What is "particle accelerator"

Particle accelerator \Par"ti*cle ac*cel"er*a*tor\, n. (Physics) A large and expensive scientific instrument used by physicists to accelerate elementary particles (such as protons or electrons) to speeds near that of light, for the purpose of investigating the fundamental properties of matter; sometimes also called an atom smasher, since the particles thus accelerated are often directed at targets of atoms which are fragmented by the impact into their more fundamental component particles.

Note: The particles generated by impact of a beam in an accelerator on its target are detected by various types of detecting apparatus, and procedures are required to sort and identify the many particles created. The fundamental particles generated by impacts in a particle accelerator are often those not actually present inside atoms; and in certain types of particle accelerator, such as the colliding beam accelerator, the impact which generates energetic particles is with other fundamental particles, and not with atoms.

n. A device that accelerates electrically charged particles to extremely high speeds, for the purpose of inducing high energy reactions or producing high energy radiation.

n. a scientific instrument that increases the kinetic energy of charged particles [syn: accelerator, atom smasher]

A particle accelerator is a machine that uses electromagnetic fields to propel charged particles to nearly light speed and to contain them in well-defined beams. Large accelerators are used in particle physics as colliders (e.g. the LHC at CERN, KEKB at KEK in Japan, RHIC at Brookhaven National Laboratory, and Tevatron at Fermilab), or as synchrotron light sources for the study of condensed matter physics. Smaller particle accelerators are used in a wide variety of applications, including particle therapy for oncological purposes, radioisotope production for medical diagnostics, ion implanters for manufacture of semiconductors, and accelerator mass spectrometers for measurements of rare isotopes such as radiocarbon. There are currently more than 30,000 accelerators in operation around the world.
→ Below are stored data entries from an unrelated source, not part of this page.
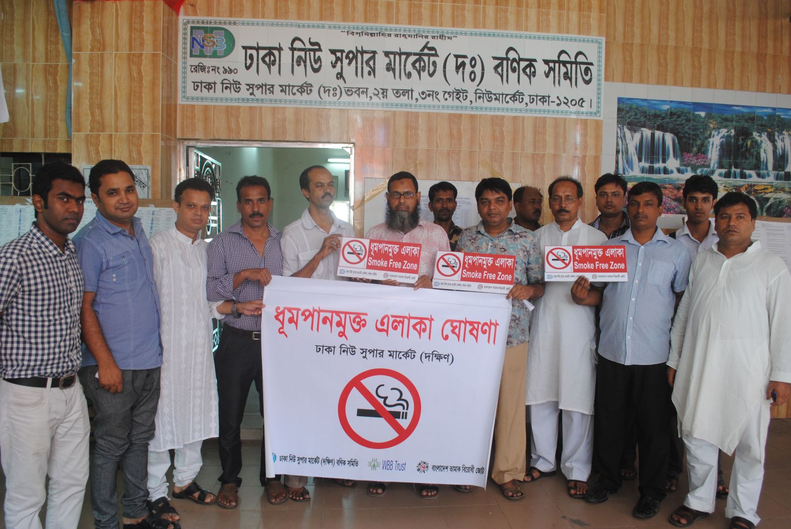 Dhaka New Super Markte (South) has been declared smoke free at 29 September. It is one of famous market for shoping in this capital city Dhaka of Bangladesh. This market should keep smoke free this oath initiated through making awareness on health hazards of smoking & passive smoking among visitors, show owners & employees of shop inside of market.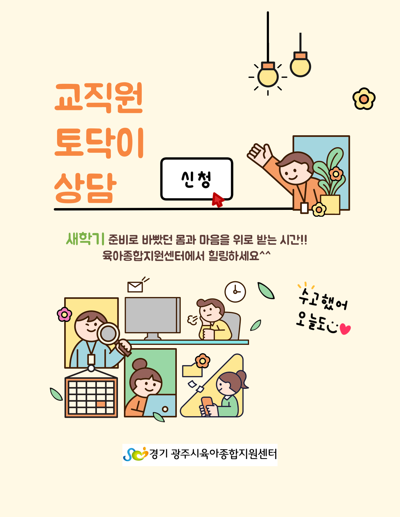 - 단, 부득이하게 상담 신청 후 상담 진행이 어려운 경우 상담 일정 조정은 최소 1일 전 꼭! 센터로 전화주시기 바랍니다.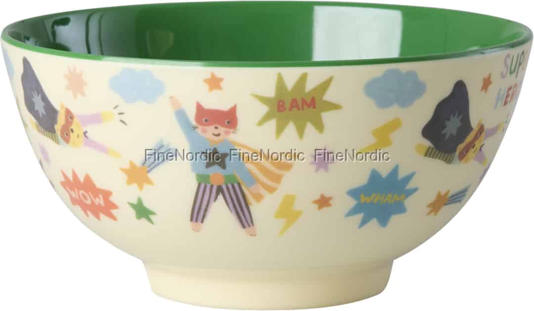 Jede Mahlzeit kann zu einem außergewöhnlichen Abenteuer werden – mit dieser wundervollen „Hero“-Schüssel von Rice. Die cremefarbene Außenseite bietet die perfekte Leinwand für ein Universum von maskierten Helden, die durch einen Himmel aus Sternen, Wolken und fröhlichen „WHAM!“-Geräuscheffekten fliegen. Es ist ein Design, das eine Geschichte erzählt und dein Kind dazu einlädt, mitzumachen und jeden letzten Bissen aufzuessen, um den Tag zu retten. Das leuchtende, glänzend grüne Innere sorgt für einen überraschenden Farbtupfer, der selbst einfache Snacks zu etwas Besonderem macht.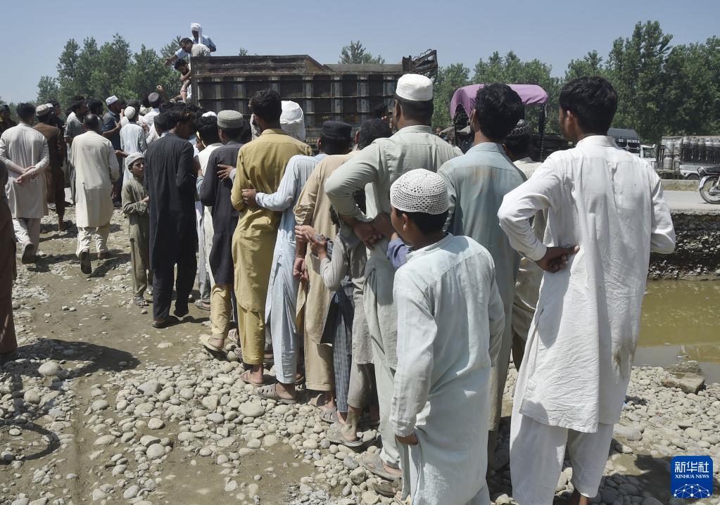 8月31日,在巴基斯坦西北部開伯爾-普什圖省的賈爾瑟達地區,人們排隊領取救災物資。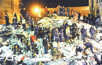 1月15日,黎巴嫩首都贝鲁特一处民居发生坍塌,救援人员在废墟中搜寻幸存者。发生坍塌的建筑建于上世纪60年代,在建筑墙体裂缝和恶劣天气的共同作用下发生了坍塌。事故目前造成一名15岁居民死亡,8人受伤。吉平 供图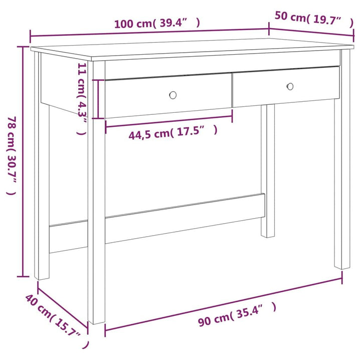 Desk with Drawers 39.4"x19.7"x30.7" Solid Wood Pine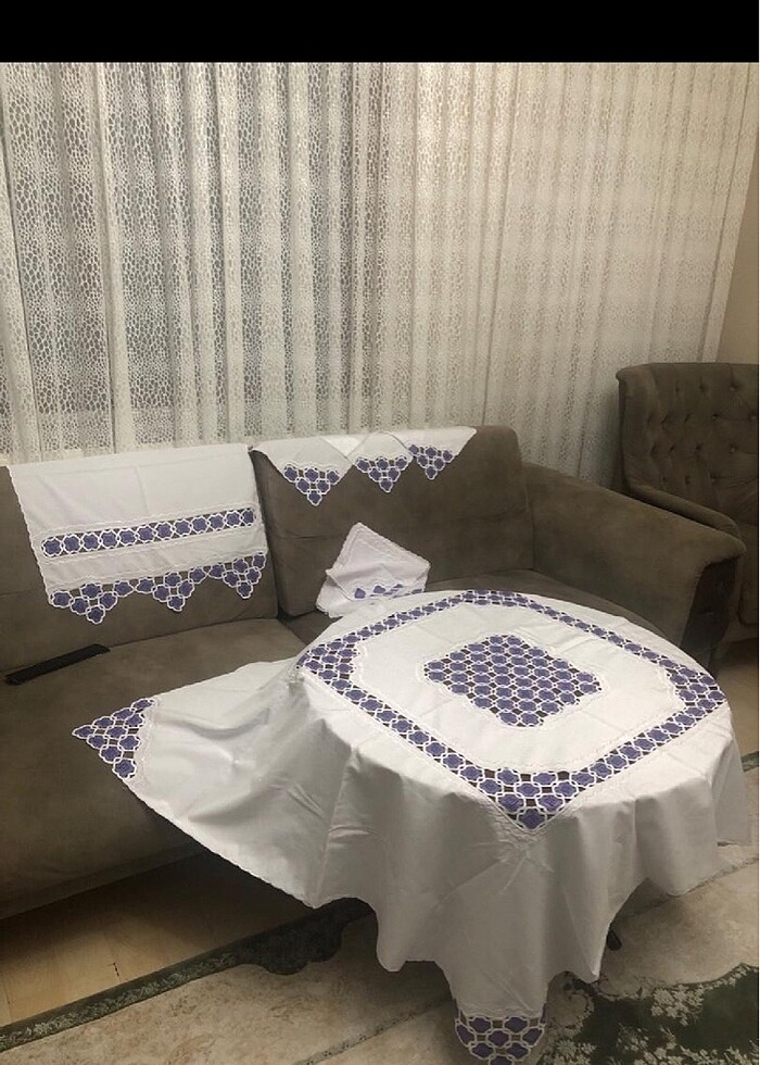 Bir adet kare masa örtüsü bir adet buzdolabı örtüsü 18 adet peçete mevcuttur üç rengi vardır.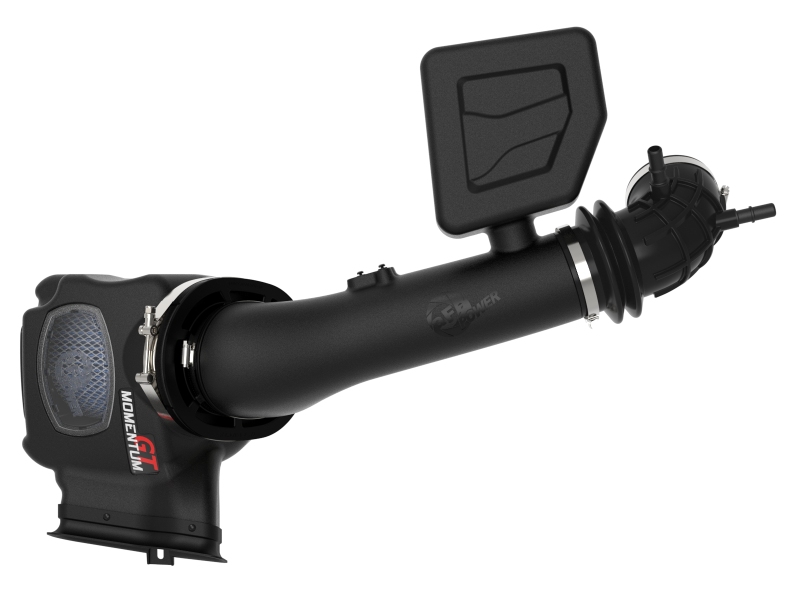 This 360-degree radial flow air filter features our pre-oiled Pro 5R media with five layers of progressively finer cotton gauze media for maximum performance. Our Pro 5R media provides your engine with the largest amount of high-flowing air, usually resulting in the highest power gains out of all our filter media options. This media is perfect for street use. Its inverted top makes for more filter surface area, resulting in longer service intervals. Momentum’s innovative filter-to-housing interface was built to feature the largest air filter possible. Once the system is installed, the air filter can be easily removed from the housing for maintenance by only uninstalling the intake tube. The smooth one-piece sealed housing, constructed of heat-resistant cross-linked polyethylene (XLPE), features our patented (US PAT 9440175) filter-to-housing interface. Its innovative design minimizes the total number of parts, making for an easy installation. A large, clear sight window allows for hassle-free filter inspection, without having to disassemble your system. The housing features a built in air inlet scoop, using no additional hardware, and features an optional auxiliary air inlet that pulls in additional air. This system features a high quality, computer-designed, dyno-tuned intake tube to achieve maximum power gains while maintaining a perfect fit. Its XLPE material is heat soak resistant and extremely durable. Stainless-steel clamps are included for strength, and a premium bellows coupling allows for ample flexibility. Momentum GT intakes are designed with fewer parts for a fast and easy installation.. Momentum GT Cold Air Intake System w/ Pro 5R Filter Ford F-250/F-350 23-25 V8-7.3L. Premium Stainless-steel Clamps and a Bellows Coupling Provide a Secure Seal. Clear Sight Window for Convenient Filter Inspection Without Disassembly. aFe 2023+ Ford F-250/F-350 V8-7.3L Momentum GT Pro 5R Intake System. Washable and Reusable Pro 5R Air Filter for Maximum Performance. Sealed Housing Incorporates Inlet Scoop and Auxiliary Air Inlet. Innovative Filter-to-Housing Interface for Easy Installation. Momentum GT Cold Air Intake System w/ Pro 5R Filter. Momentum GT Cold Air Intake System. Momentum GT Intake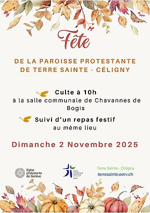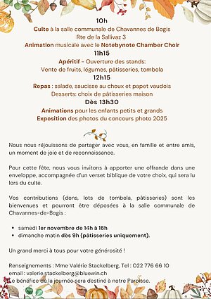 Publié leNous avons le plaisir de vous annoncer que notre Fête de la Paroisse aura lieu, cette année, le 2 novembre à la salle communale de Chavannes-de-Bogis.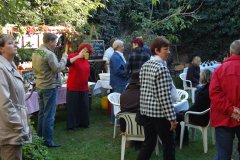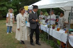 Ursula Duchrow zeigte ihren Gästen im Holundergarten, wie sie ihren Holunderblüten-Salbei-Likör zubereitet.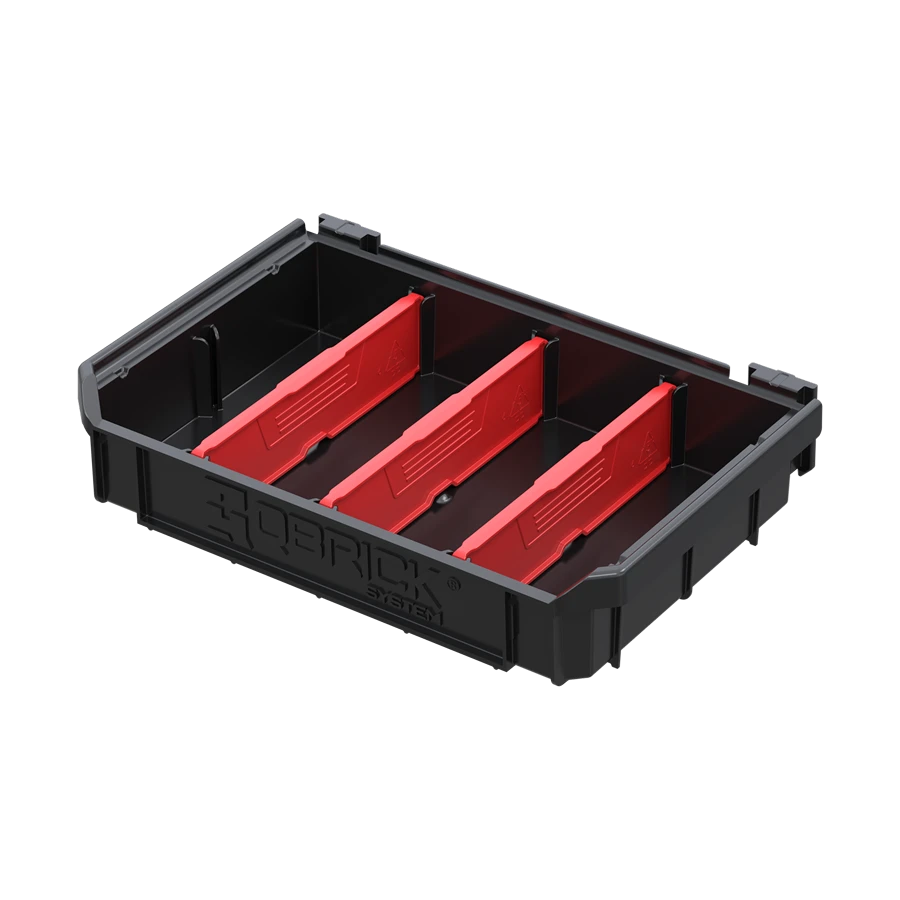 Regulowane przegrody pozwalają lepiej zagospodarować przestrzeń odkładczą i dostosować układ wnętrza do przechowywanych przedmiotów. Dzięki akcesoriom Custom Connectors półkę można wygodnie zawieszać na wybranych skrzyniach, szufladach, organizerach i koszach z linii Qbrick System ONE, PRIME oraz PRO, a także montować na ścianie lub na płycie Qbrick System Custom Pegboard. To funkcjonalne rozwiązanie dla osób, które chcą stworzyć spójny i modułowy system organizacji miejsca pracy.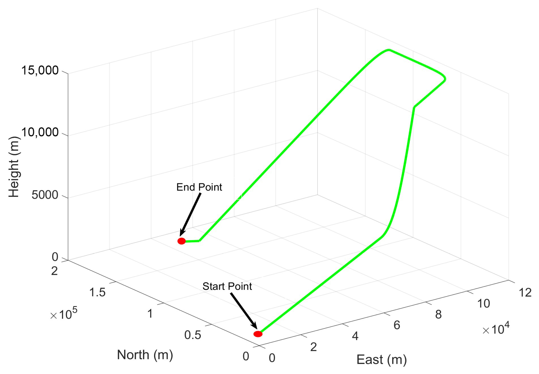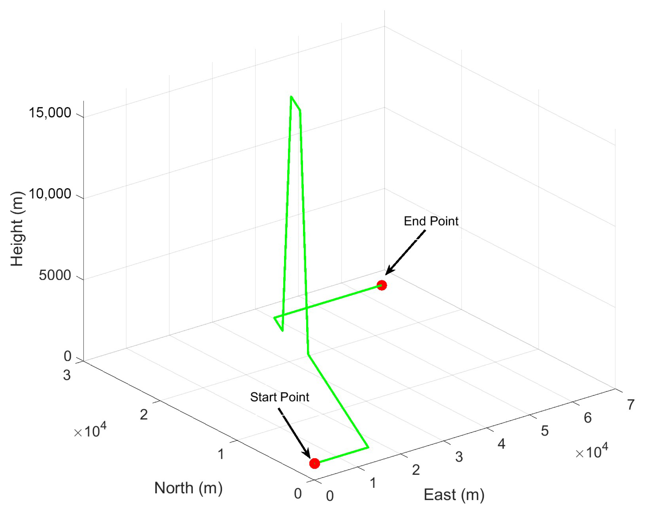 The aerodynamic characteristics of the aircraft | 1.8 (maximum lift coefficient), 0.02 (zero-lift drag coefficient), 0.04 (drag coefficient varies with lift coefficient), 2 (maximum Mach number), 670 m/s (maximum flight speed) | The stability derivatives of the aircraft | −0.3 (roll damping derivative), 0.2 (roll rate derivative), −0.5 (pitch damping derivative), −0.8 (angle of attack derivative), −0.4 (yaw damping derivative), 0.1 (yaw coupling derivative) |

There are two basic classes of accelerators: electrostatic and electrodynamic (or electromagnetic) accelerators. Electrostatic accelerators use static electric fields to accelerate particles. The most common types are the Cockcroft–Walton generator and the Van de Graaff generator. A small-scale example of this class is the cathode ray tube in an ordinary old television set. The achievable kinetic energy for particles in these devices is determined by the accelerating voltage, which is limited by electrical breakdown. Electrodynamic or electromagnetic accelerators, on the other hand, use changing electromagnetic fields (either magnetic induction or oscillating radio frequency fields) to accelerate particles. Since in these types the particles can pass through the same accelerating field multiple times, the output energy is not limited by the strength of the accelerating field. This class, which was first developed in the 1920s, is the basis for most modern large-scale accelerators.

Rolf Widerøe, Gustav Ising, Leó Szilárd, Max Steenbeck, and Ernest Lawrence are considered pioneers of this field, conceiving and building the first operational linear particle accelerator, the betatron, and the cyclotron.

Because colliders can give evidence of the structure of the subatomic world, accelerators were commonly referred to as atom smashers in the 20th century. Despite the fact that most accelerators (but not ion facilities) actually propel subatomic particles, the term persists in popular usage when referring to particle accelerators in general.